– Коньяк, то есть спирт, это и так яд.
– …Либо я просто поехавший, и тогда все, я сдаюсь.
– Да перестань, ты что, вставай! Простудишься на земле сидеть. Бывает такая погодная аномалия, что летом идет снег. Так, как бы впроброс, поэтому и называется «крупка». У нас в Бохане знаешь какой снег был однажды на 9 мая! Пойдем назад по следам! Дойдем до машины и доедем до дома!
– Снег засыпает наши следы.
– Так мы новые натопчем! Пойдем, пойдем, туда, назад. Слушай, Лёнич, ты меня пугаешь. Мне правда сейчас стало страшно. И холодно.
– Только сейчас стало?
– Хорошо, ты прав. Правда непонятно, куда идти, тем более под таким аномальным снегом. Но у меня есть план. Только не шути эту очевидную незамысловатую шутку.
– Я похож на человека, который собирается пошутить очевидную незамысловатую шутку?
– Я, например, когда слышу от Сони совсем незамысловатую шутку, то всегда даю ей возможность сделать вид, что этой шутки не было. Такая супертонкая вежливость Ивана. У меня же вообще с вежливостью не очень…
– Какой у тебя план?
– Я бы хотел, чтобы у меня был план конца, конца этого пути. Но у меня пока есть только план середины пути.
– Ну?
– Мы сейчас насобираем веток, разожжем костер и пересидим, пока кончится снег.
– Как ты собрался разжечь костер?
– Я не хотел тебе говорить… Но у меня с собой есть жидкость для розжига мангала.
– Откуда?
– Я с дачи захватил, пока ты не видел… Ну, ты же ругаешься всегда, когда я начинаю на шашлыках костры свои жечь. Я ведь немножко пироман. «Мне снятся ядерные зимы, сорок пятый, Хиросима, вы замерзли, я купил на всю зарплату керосина» – знаешь такую песню? Хорошая.
– Зачем ты с дачи захватил жидкость для розжига?
– Ну… Я подумал, что она может пригодиться. И оказался прав. Если вдруг придется от кого-нибудь защищаться, из нее можно сделать бутылку с зажигательной смесью.
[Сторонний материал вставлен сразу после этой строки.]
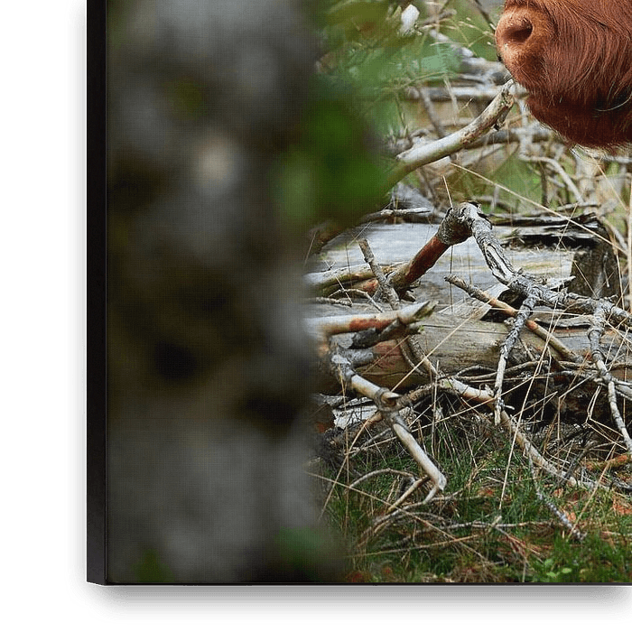 A Scottish Highlander lies resting among the trees in a nature reserve near Wezep on the Veluwe, in the Netherlands.
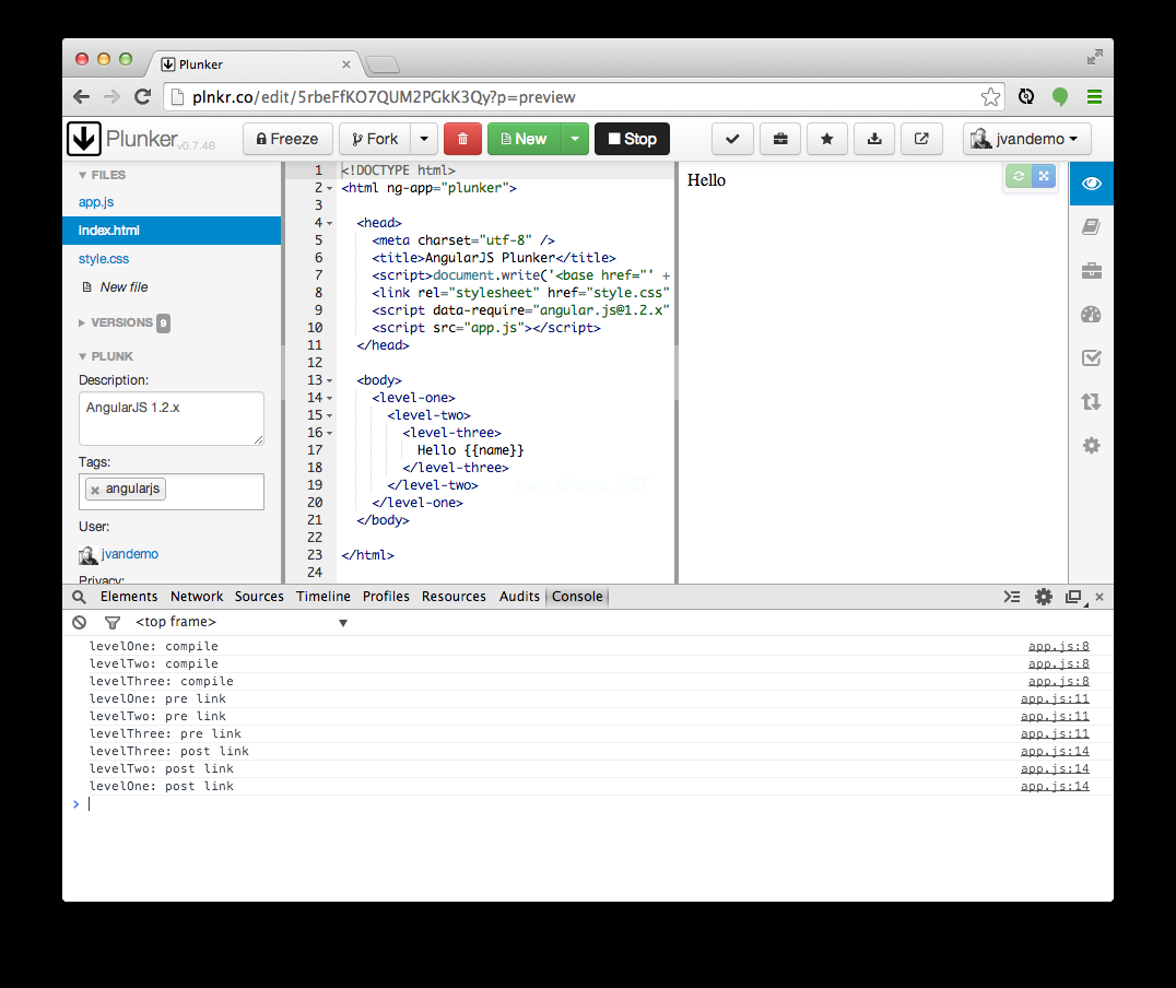 结果很简单。让ng处理三个嵌套指令,每个指令都有自己的编译、预链接、后链接函数,每个函数都会在控制台打印一行来标识自己。
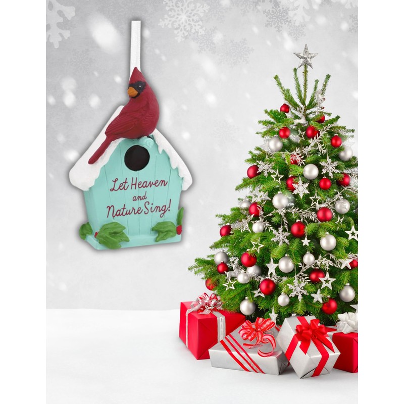 Let Heaven and Nature Sing Resin Cardinal Birdhouse Decor, 3.5 inches Christmas Keepsake Ornament
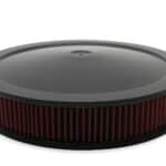 Holley is proud to offer a breath of fresh air with our new 16″ drop-base 4500 air cleaner assemblies and filters. Available in chrome or EDP black. The assemblies are available with a red washable gauze element or a white pleated paper element to offer the look you have in mind. The tops are so large and smooth we decided to leave them plain for a nice stealth look, or to use as a canvas for creating your own look. They feature a 15/16″ drop-base so hood clearance is gained above without creating clearance issues below.
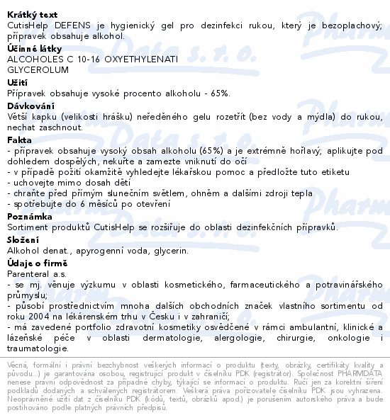 CutisHelp DEFENS je hygienický gel pro dezinfekci rukou, který je bezoplachový; přípravek obsahuje alkohol.
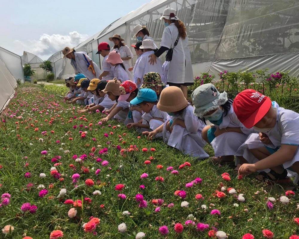 Hình ảnh các bé thăm quan vườn rau sạch (Nguồn: FB Trường)
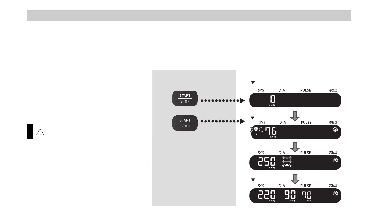 After the arm cuff starts to inflate, press and hold the BP [START/STOP] button until the monitor inflates 30 to 40 mmHg
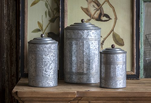 Tall Galvanized Tin Antique Style Canisters Set of 3
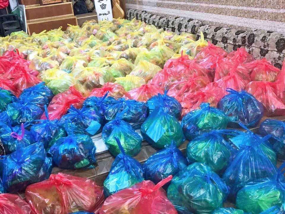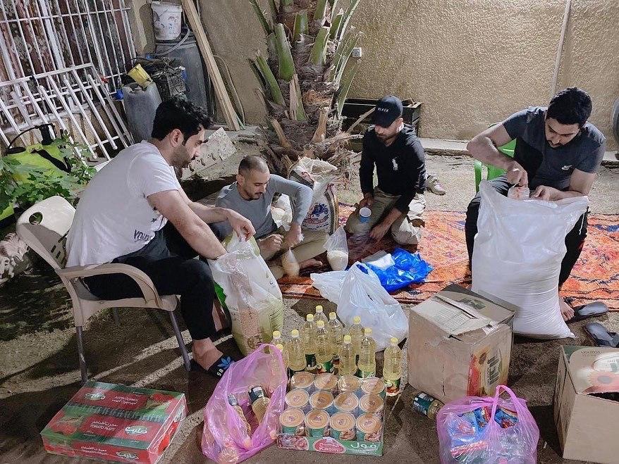 حيث تمت عمليات تعبئة المواد الغذائية الجافة والخضار من قبل الشباب
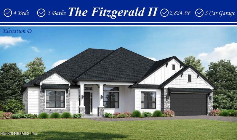 Listing details for 416 Sandy Bluff Dr #0057, Yulee, FL 32097 : NEW COMMUNITY! Sandy Bluff features a gated entrance, community riverfront boardwalk, pickleball court, dog park, trails & more! The Fitzgerald, one of SEDA's most popular floorplans, features 2,827 sq. ft. and has 4 bedrooms, 3 baths, and a study. This gorgeous open-concept plan has an abundance of natural light with the dining room, gathering room, kitchen and breakfast area all open to each other. The gourmet kitchen has a 36'' cooktop, oven tower, large dine- in island, pendant lights and walk-in pantry. Double-step tray ceilings create a dramatic 12-14 ft ceiling height in the foyer, dining room, and gathering room. The covered lanai can be accessed through large sliding glass doors creating a great indoor/ outdoor entertaining space. The owner's bath has a luxurious walk-in shower, double vanities and separate Water Closet. This rendering is a conceptual drawing only and is not meant to represent the actual exterior colors. Builder reserves the right to modify.
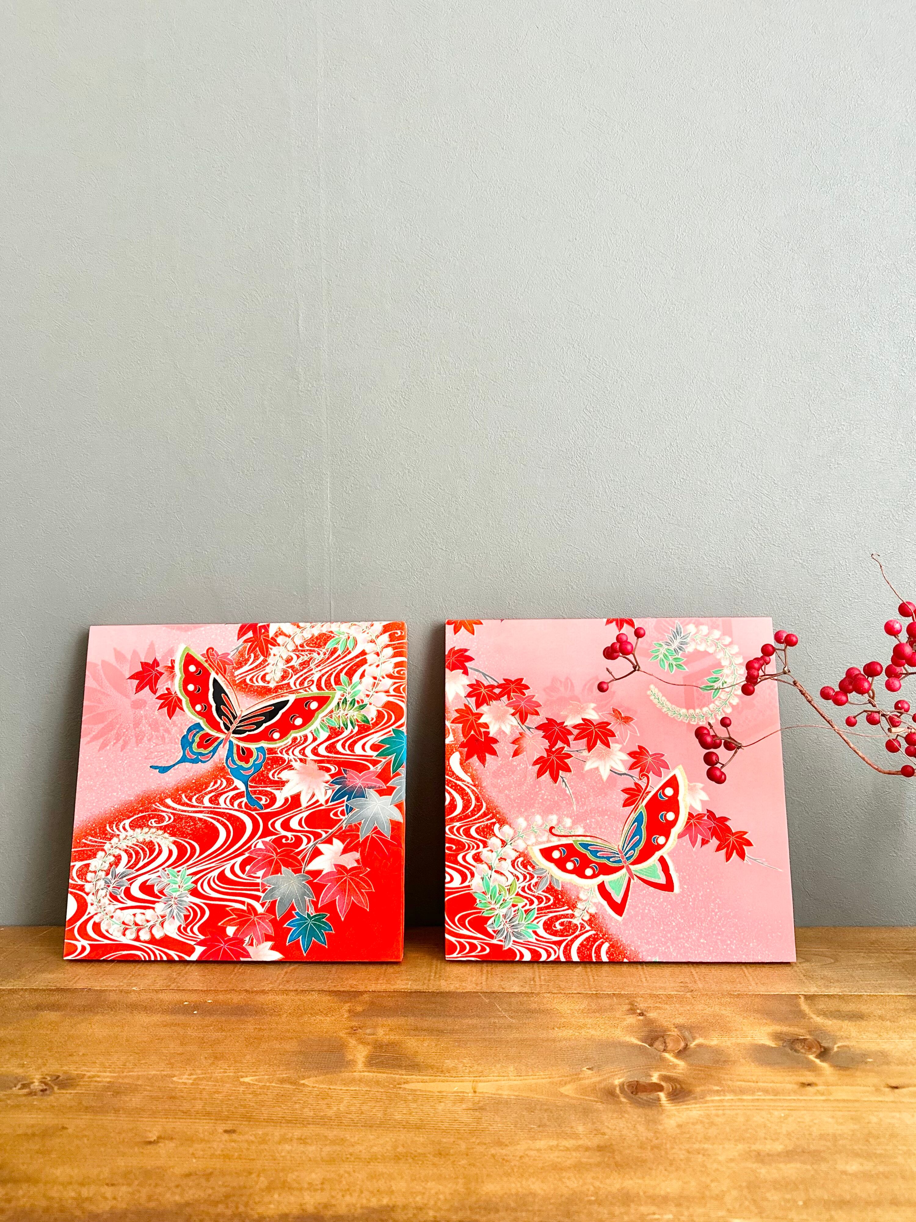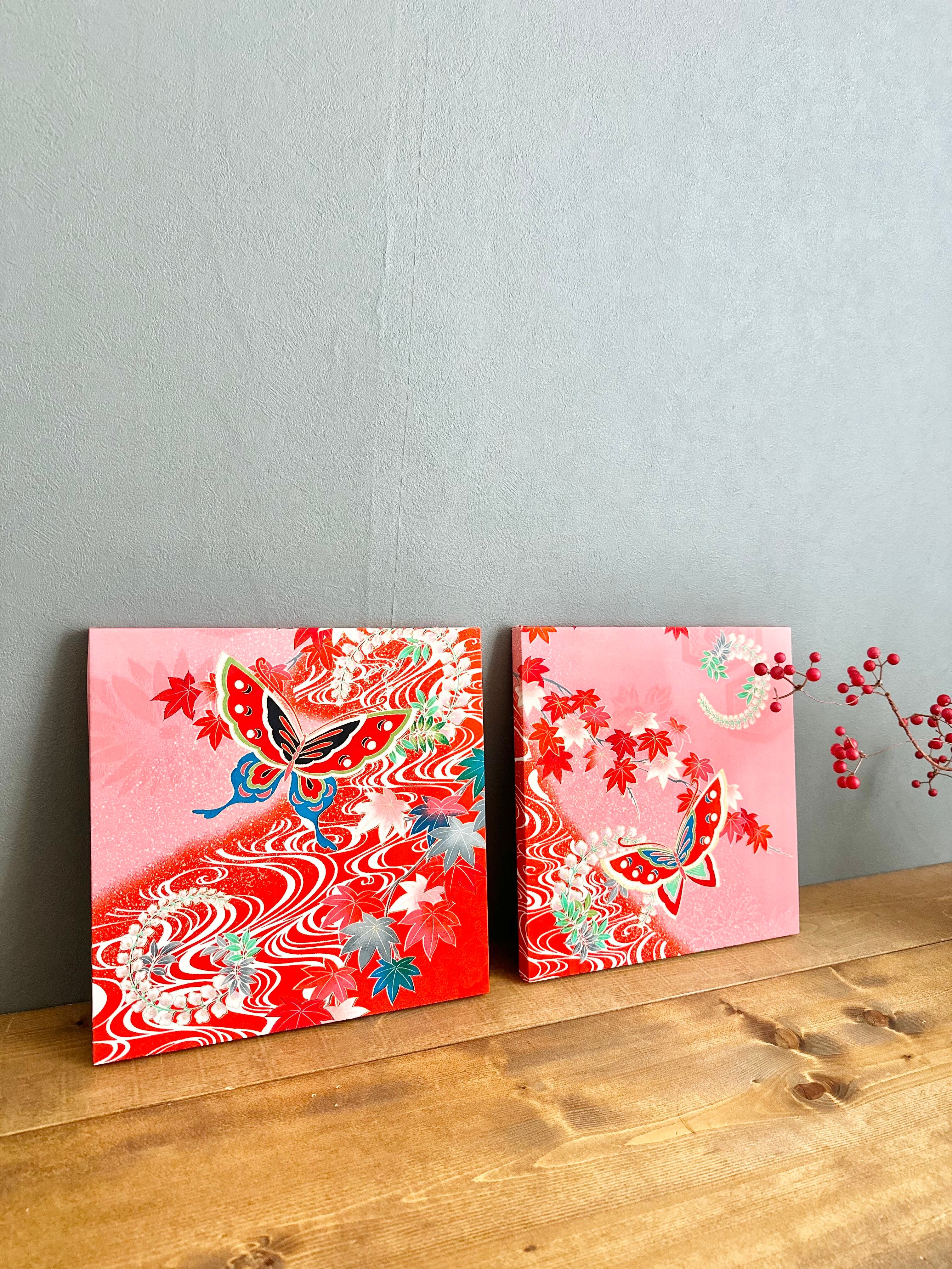 Kimono fabric panel 30×30cm 着物のファブリックパネル 紅葉に舞う蝶(2枚セット) Japanese Kimono Interior Japanese Style Art Panels Kimono panel Washitsu Japanese interior | koto1946

Хотя это и есть бутылка с зажигательной смесью…
– Дрова быстро собирай!
– …Ладно, да, я хотел предложить тебе сделать костер и посидеть. Я понимал, что ты не согласишься, но все равно захватил. А сейчас как бы сама жизнь нас заставляет.
– Дрова!
– Нормально тут, кстати, всяких веток. Сейчас сделаем костерок и посидим, погреемся. Повспоминаем. Ха. Лёнич, помнишь, я тебе говорил, что мы найдем?
– Что ты нашел?
– Ну что-то… найду. Скотч к дереву примотан, прикинь. Ну точно, здесь клад.
– Что там???
– Коньяк. Опять «Коктебель» из «Пятерочки», да что ты будешь делать…
– Дай сюда!
– Пей, пей, грейся.
– Нет, сначала ты попробуй. Вдруг он тоже отравленный. Что я несу… Прости.
– Да ладно. Но попробовать дай. Нормальный коньяк, как предыдущие. Но надоел уже этот «Кокте́бель», честно говоря.
– «Коктебе́ль».
– Хоть бы что-нибудь другое положили. Ты разжигаешь уже? Дай я!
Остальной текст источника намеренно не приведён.